---------- Records for the exercise ----------

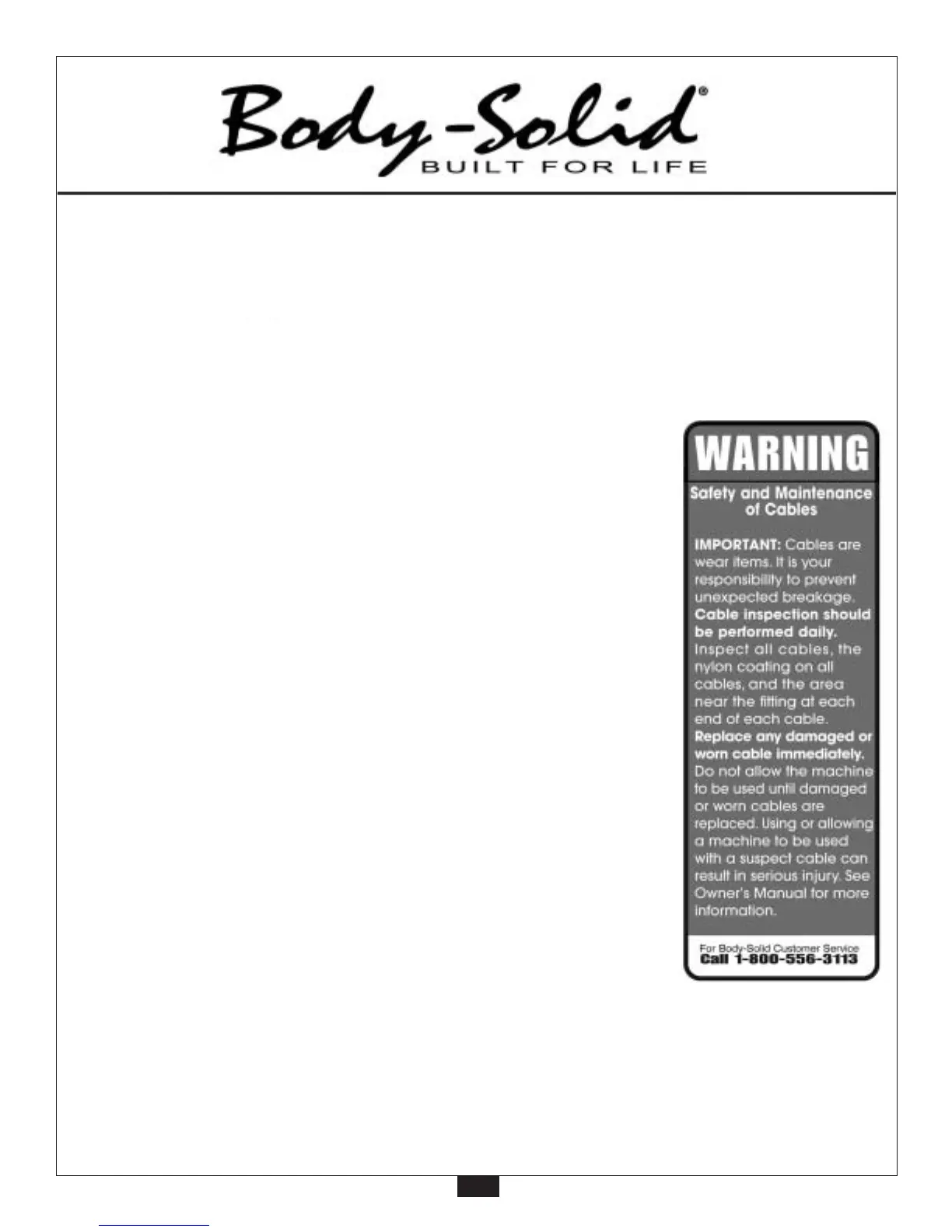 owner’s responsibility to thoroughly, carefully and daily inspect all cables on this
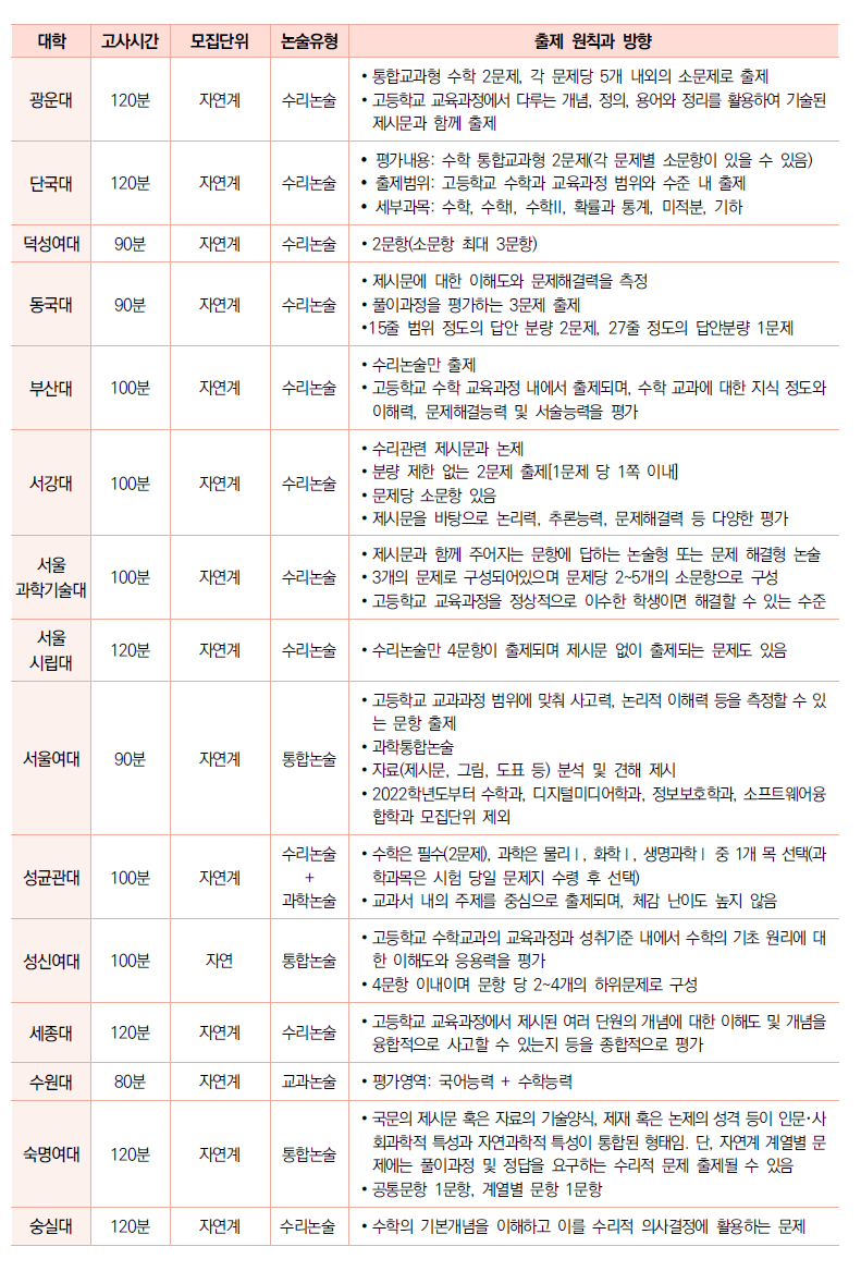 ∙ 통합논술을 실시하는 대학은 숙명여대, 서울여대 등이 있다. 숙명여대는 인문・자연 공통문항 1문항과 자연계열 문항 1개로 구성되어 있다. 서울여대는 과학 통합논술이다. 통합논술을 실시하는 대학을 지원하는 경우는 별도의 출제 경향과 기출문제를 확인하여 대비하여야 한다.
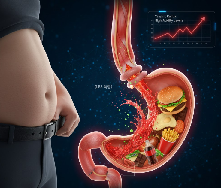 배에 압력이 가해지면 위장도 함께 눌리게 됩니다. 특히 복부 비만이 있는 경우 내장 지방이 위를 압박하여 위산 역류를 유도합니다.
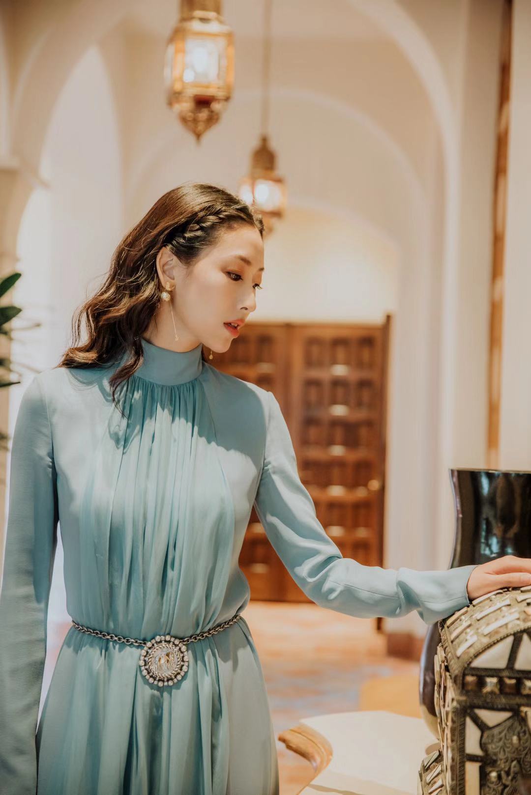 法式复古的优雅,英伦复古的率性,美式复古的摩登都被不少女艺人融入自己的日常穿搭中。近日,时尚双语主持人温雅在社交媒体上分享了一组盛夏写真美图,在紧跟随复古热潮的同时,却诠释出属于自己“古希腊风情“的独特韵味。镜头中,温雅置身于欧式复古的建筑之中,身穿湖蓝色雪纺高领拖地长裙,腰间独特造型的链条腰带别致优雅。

----------
---------- Records for the exercise ----------

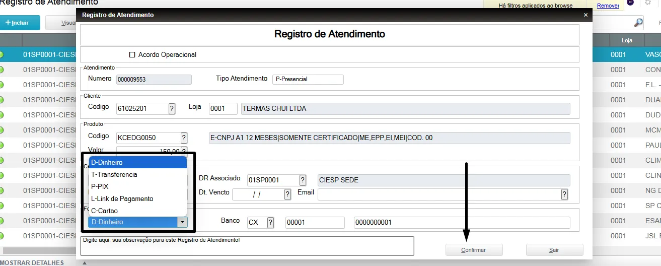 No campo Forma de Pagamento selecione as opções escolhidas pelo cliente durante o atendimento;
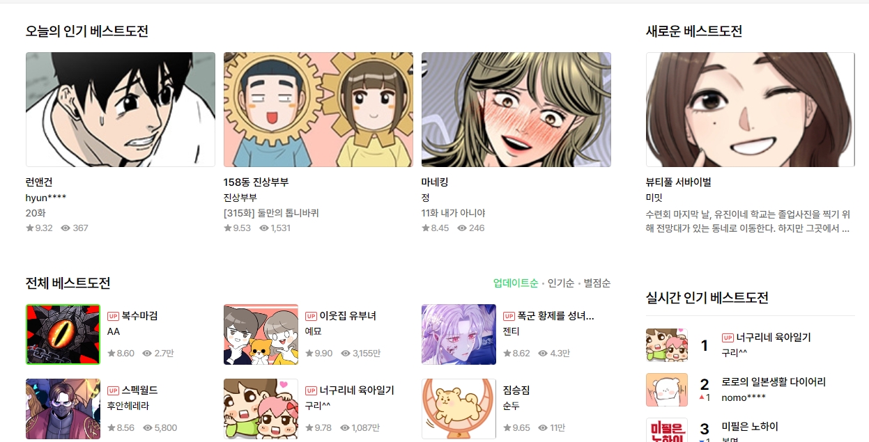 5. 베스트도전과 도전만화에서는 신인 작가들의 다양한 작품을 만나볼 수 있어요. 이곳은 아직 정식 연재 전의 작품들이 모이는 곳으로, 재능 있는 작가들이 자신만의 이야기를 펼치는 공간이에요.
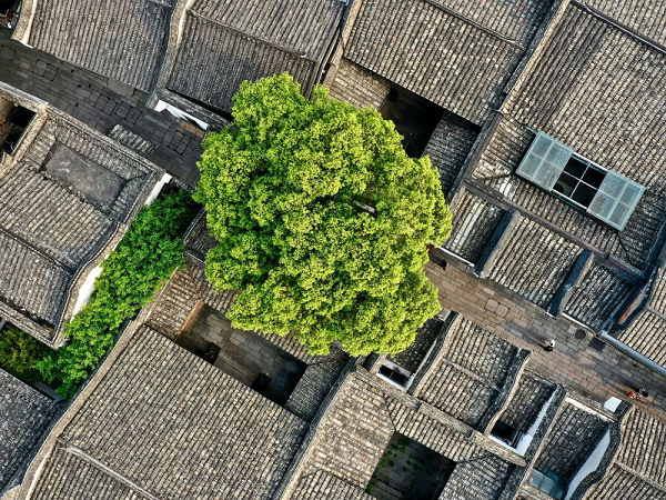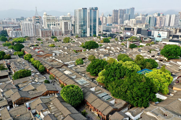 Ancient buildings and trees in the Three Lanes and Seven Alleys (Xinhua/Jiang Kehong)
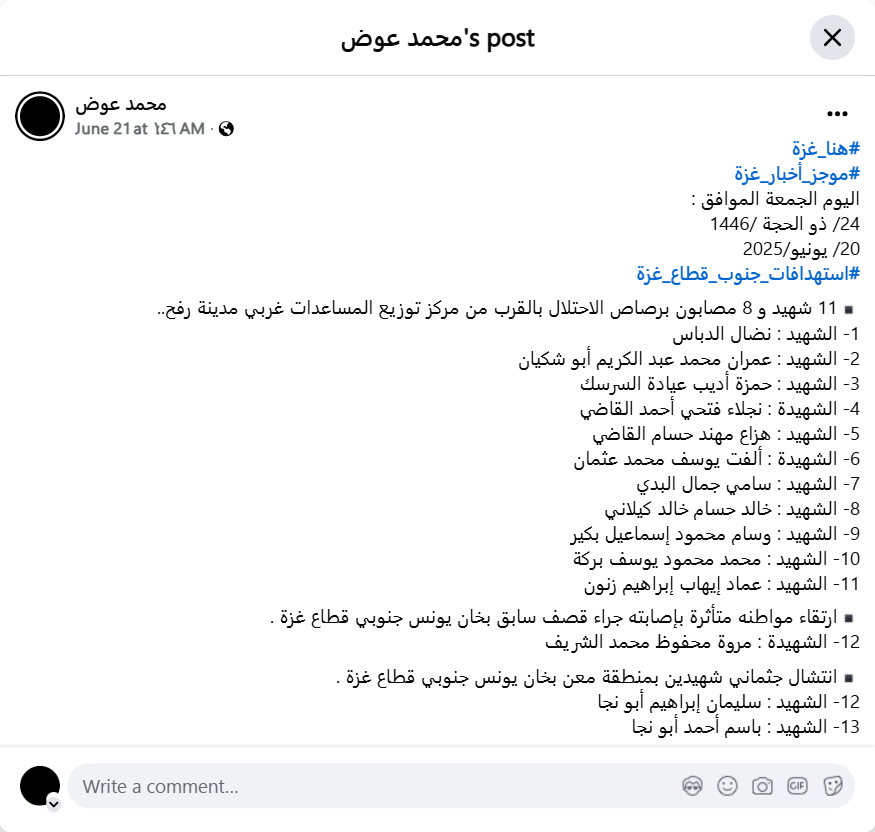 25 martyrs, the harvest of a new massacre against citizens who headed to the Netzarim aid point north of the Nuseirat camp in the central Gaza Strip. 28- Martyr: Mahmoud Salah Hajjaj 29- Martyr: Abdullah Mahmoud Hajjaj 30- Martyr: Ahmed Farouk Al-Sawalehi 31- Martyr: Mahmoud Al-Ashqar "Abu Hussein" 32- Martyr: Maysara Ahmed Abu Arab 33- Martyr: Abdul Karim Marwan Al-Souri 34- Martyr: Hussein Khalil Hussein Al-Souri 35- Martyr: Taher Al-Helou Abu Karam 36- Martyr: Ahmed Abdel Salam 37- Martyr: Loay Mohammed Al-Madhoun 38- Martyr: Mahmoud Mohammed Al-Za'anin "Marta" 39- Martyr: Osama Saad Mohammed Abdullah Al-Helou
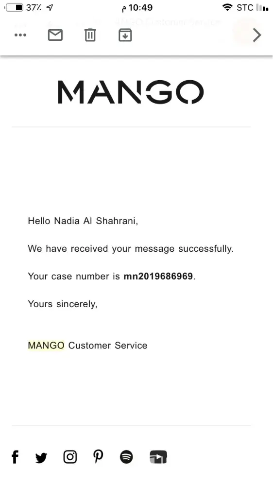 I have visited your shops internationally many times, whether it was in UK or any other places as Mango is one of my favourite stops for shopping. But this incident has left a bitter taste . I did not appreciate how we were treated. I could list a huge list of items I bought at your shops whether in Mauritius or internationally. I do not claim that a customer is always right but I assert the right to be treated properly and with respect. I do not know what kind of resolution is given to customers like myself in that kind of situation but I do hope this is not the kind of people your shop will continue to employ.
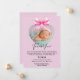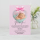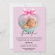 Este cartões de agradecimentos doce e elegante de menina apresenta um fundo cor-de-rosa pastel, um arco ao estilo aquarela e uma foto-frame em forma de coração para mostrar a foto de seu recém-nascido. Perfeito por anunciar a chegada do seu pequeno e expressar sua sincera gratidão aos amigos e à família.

----------
---------- Records for the exercise ----------

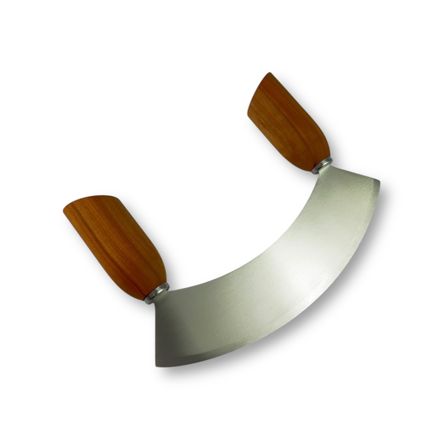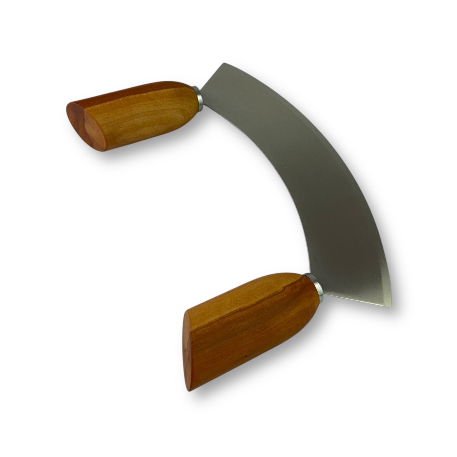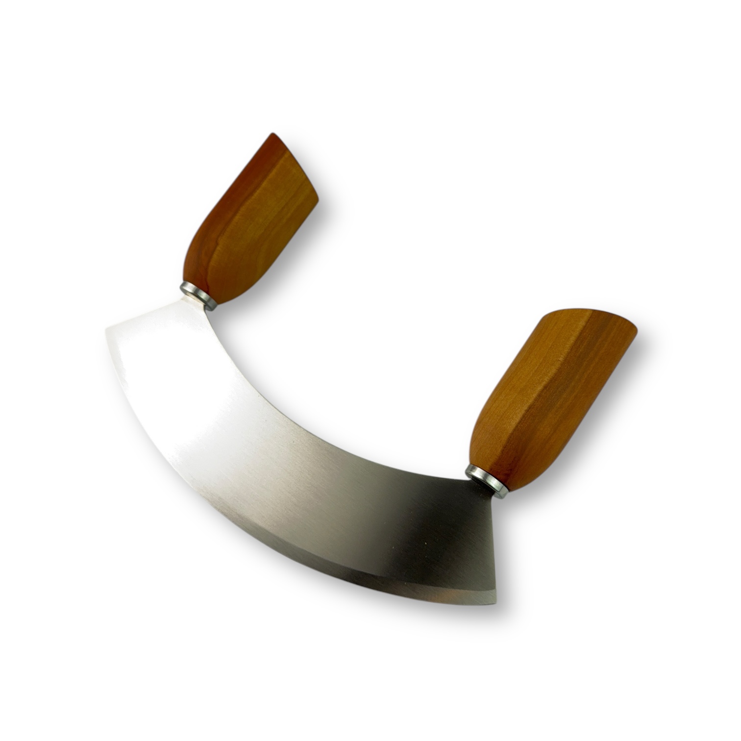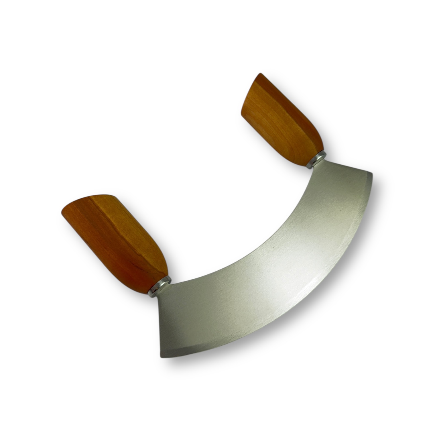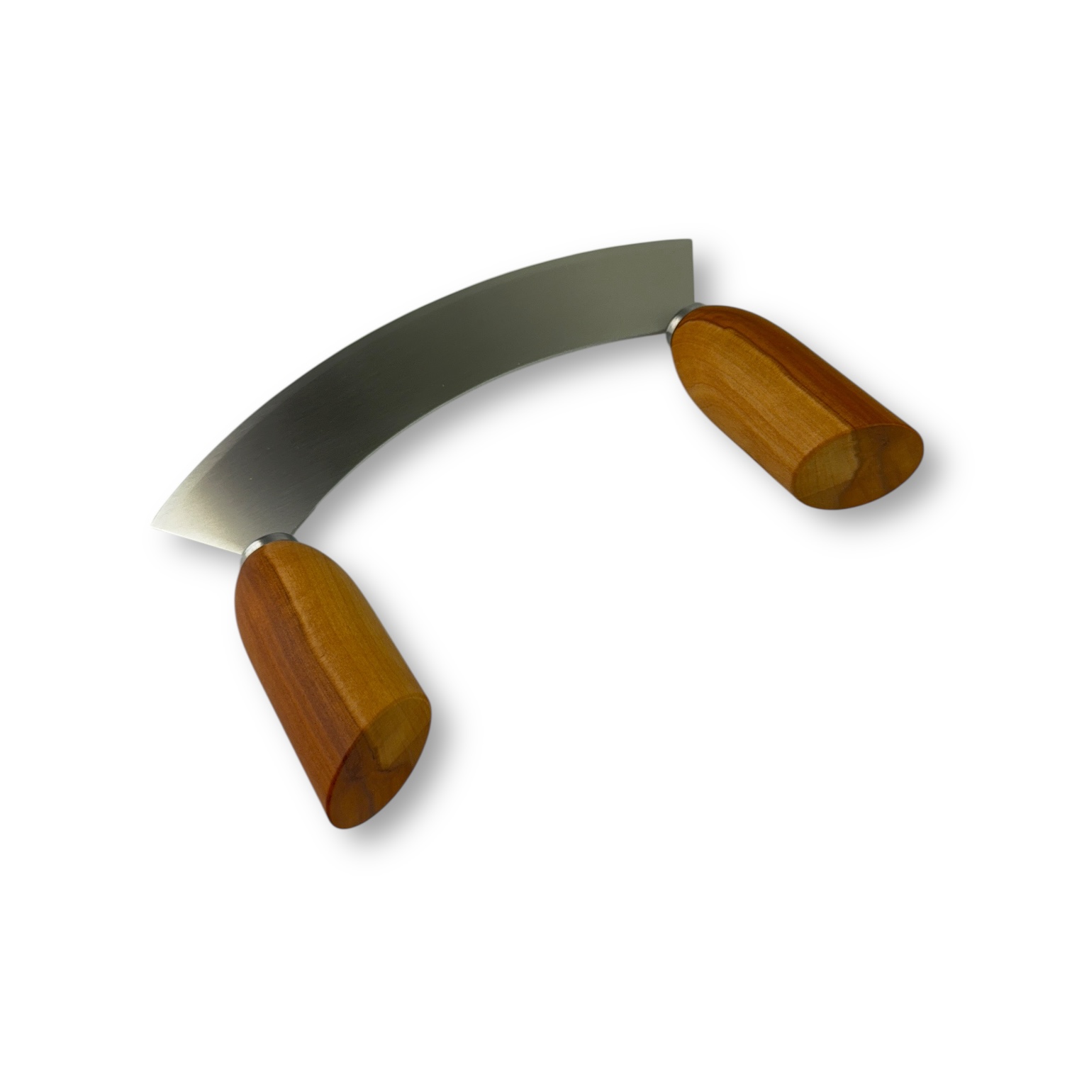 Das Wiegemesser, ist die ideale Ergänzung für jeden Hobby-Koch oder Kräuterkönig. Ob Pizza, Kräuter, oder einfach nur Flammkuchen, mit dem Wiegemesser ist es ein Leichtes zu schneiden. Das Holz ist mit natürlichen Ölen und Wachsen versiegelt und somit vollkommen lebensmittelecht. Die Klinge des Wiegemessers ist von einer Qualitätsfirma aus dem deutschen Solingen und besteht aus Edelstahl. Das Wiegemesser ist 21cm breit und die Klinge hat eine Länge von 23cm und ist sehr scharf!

----------

Using the records above, print exactly the lines between the ones containing "owner’s responsibility to" and "法式复古的优雅,英伦复古的率", inclusive, and nothing else; no pictures.

_Finished task_.
 owner’s responsibility to thoroughly, carefully and daily inspect all cables on this
 ∙ 통합논술을 실시하는 대학은 숙명여대, 서울여대 등이 있다. 숙명여대는 인문・자연 공통문항 1문항과 자연계열 문항 1개로 구성되어 있다. 서울여대는 과학 통합논술이다. 통합논술을 실시하는 대학을 지원하는 경우는 별도의 출제 경향과 기출문제를 확인하여 대비하여야 한다.
 배에 압력이 가해지면 위장도 함께 눌리게 됩니다. 특히 복부 비만이 있는 경우 내장 지방이 위를 압박하여 위산 역류를 유도합니다.
 法式复古的优雅,英伦复古的率性,美式复古的摩登都被不少女艺人融入自己的日常穿搭中。近日,时尚双语主持人温雅在社交媒体上分享了一组盛夏写真美图,在紧跟随复古热潮的同时,却诠释出属于自己“古希腊风情“的独特韵味。镜头中,温雅置身于欧式复古的建筑之中,身穿湖蓝色雪纺高领拖地长裙,腰间独特造型的链条腰带别致优雅。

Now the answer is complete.